The story concerns an unsuccessful, slovenly and temperamental actor called Victor Bukowski (Douglas Henshall) who, despite his Slavic name, speaks with a Glaswegian burr. Having slept with one of his cast-mates in a play he is doing in London, he comes home and confesses all to his live-in girlfriend, Sylvia (Lena Headey). She breaks off the relationship and soon meets Dave (Mark Strong) at the gym. As the film opens, it is eight months later and Sylvia is about to marry Dave. Victor is desolate at the thought of losing her. If only he could go back in time and undo what he has done! After an encounter with a mysterious barmaid (Elizabeth McGovern), he wanders drunk in the rain, climbs into a dumpster and asks a couple of garbage men to haul him away.
But the garbage men turn out to be modern day embodiments of the principal characters in Don Quixote who call themselves Don Miguel (Eusebio Lázaro) and Raphael (Guillermo Salmerón). They offer him the chance to live the last eight months over again. His life, they tell him is “a kite tangled in a tree: go and disentangle it.” Suddenly he finds himself once again on his way home to Sylvia on the day he made the mistake of telling her of his sexual adventure. He is overjoyed and resolves not only to treat her differently but also to clean up his life in other ways. In his new life, he not only has what he previously realized too late to be his true love, but he also begins to be more successful professionally and personally.

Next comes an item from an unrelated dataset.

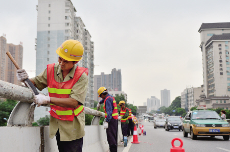 昨日,东风路高架桥启动综合整治工程,工人们正在对桥梁护栏进行修复。邹麟 摄

Until things begin to go wrong. The advice of his obnoxious friend, Freddie (Neil Stuke), never to give too much, always to “leave ‘em wanting more,” proves unhappily to be correct. Bored with her new, perfect boyfriend, Sylvia now becomes the one ripe for an affair. And Dave is still going to the gym in the new life as he was in the old. Victor is now the jealous one, trying out different ways to discover the truth (“I was just tidying up today,” he says in the midst of the squalor of their apartment, “and picked up your jacket and a pair of men’s pants [i.e. underpants] fell out”); she is the one who has to confess and move out. But otherwise he is in exactly the same place he was in his other life, with only the sense of being the innocent party to comfort him.

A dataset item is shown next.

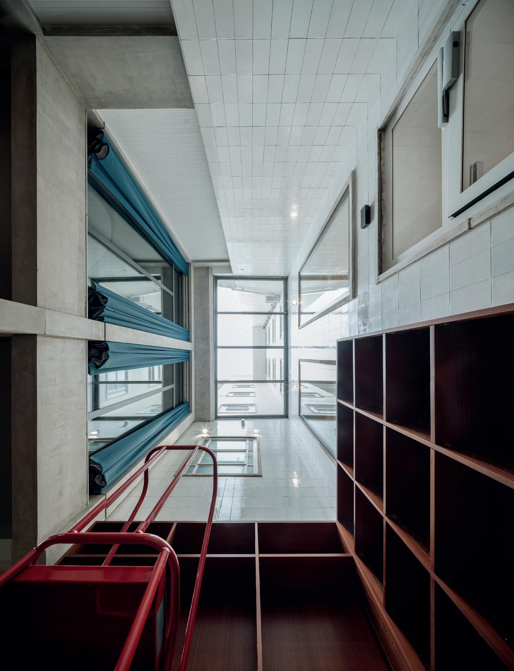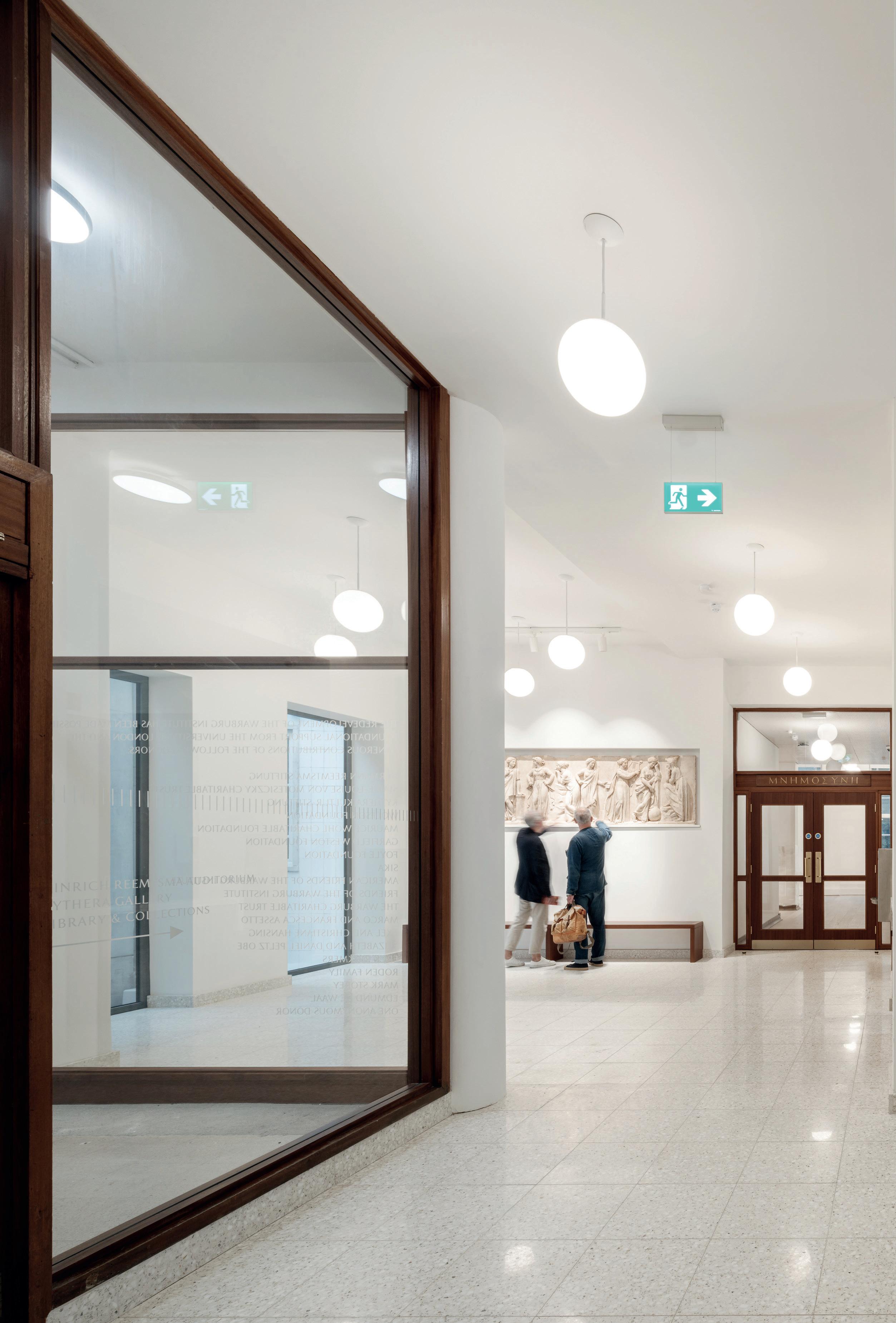 One of the most complex issues in architectural re-use is how to meet current requirements relating to climatic control and energy consumption in buildings developed before those requirements were in place. Often there is a minimum or a maximum strategy to be adopted: significant alteration in terms of mechanical systems, additional insulation or upgrades to elements such as windows, versus minimal alteration. The Warburg Renaissance project takes the minimal approach. The building remains naturally ventilated except in new-build areas and locations such as the exhibition area, where some mechanical back-up is essential to meet museum conservation requirements. Secondary glazing to the original single-glazed windows is added internally. One area that required careful thought was the heating strategy. The 1958 project was heated and cooled through water pipes cast into the underside of the floor slabs, producing radiant panels in the ceilings intended to control the temperature on the floors below them. In replacing this system (which no longer functioned) with more conventional radiator units beneath the windows, the team had to negotiate the fact that the windowsills across the various floors of the building change level. A small essay in component selection ensued, finding elements that fitted the varying heights, were aesthetically acceptable, and which provided sufficient power.

If the film had ended at this point, I would have felt more sympathetic towards what it is trying to do. It would have made a moral point, though perhaps not a very strong one, about the immutability of fate. But of course it doesn’t. The tables are turned even more completely, as Victor meets the beautiful Louise (Penelope Cruz), falls in love and plans to marry while Sylvia tires of Dave and is smitten with the same regrets he, Victor, had in the original version of his life. If only she could go back and do things differently. . . Can she? The ending leaves the question unanswered, but hints at a kind of infinite regress of differently lived lives as each of the two lovers in turn — and who knows who else besides? — may hope to receive the one indulgence that we know Heaven never grants.

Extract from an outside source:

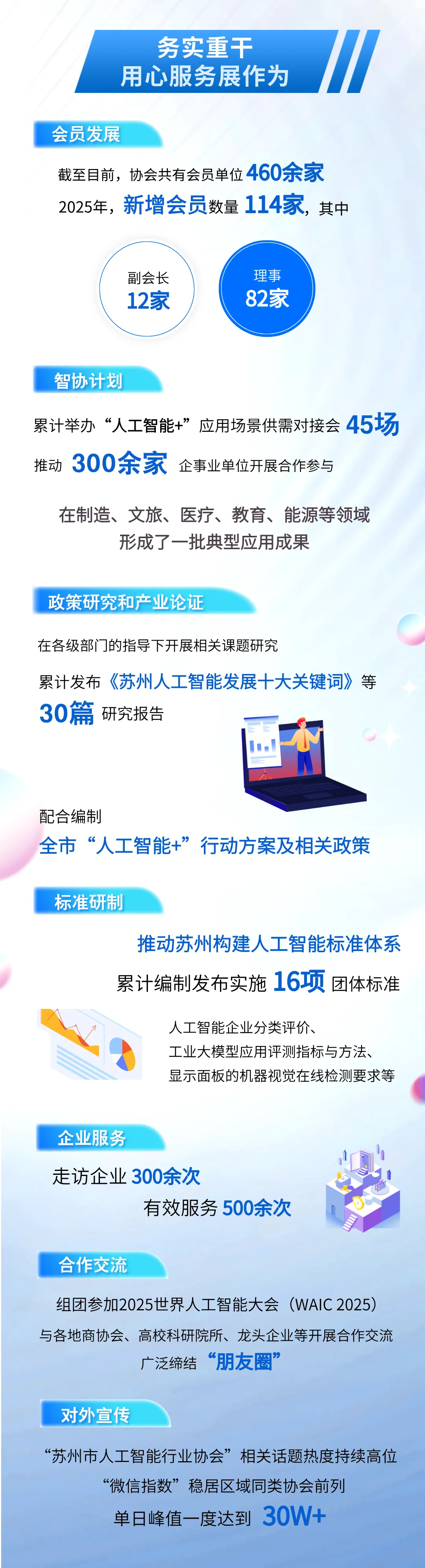 苏州市人工智能行业协会深入企业一线,全年累计走访企业300余家,通过座谈交流、实地考察等形式,重点围绕企业经营现状、技术研发、市场拓展及政策需求等维度展开走访调研,并针对企业个性化需求建立服务台账,强化相关服务精准对接。

What is the point? If, as the film seems to suggest, love is simply a matter of contingency, can there ever be any such thing as “real love”? And if not, it hardly seems worth the trouble to explore a different dimension and relive one’s life (several’s life?) as if it were still in some sense a single thing, only to arrive at such a disappointing conclusion. The point seems to amount to not much more than the pedestrian one that in different lives you’d get different results — even be a different person. Yeah? So? Artistically it seems like playing tennis with the net down, as Robert Frost said of free verse. Better to respect the boundary noted by Auden when he wrote:
Clear, unscaleable ahead
Rise the Mountains of Instead
From whose cold, cascading streams,
None may drink, except in dreams.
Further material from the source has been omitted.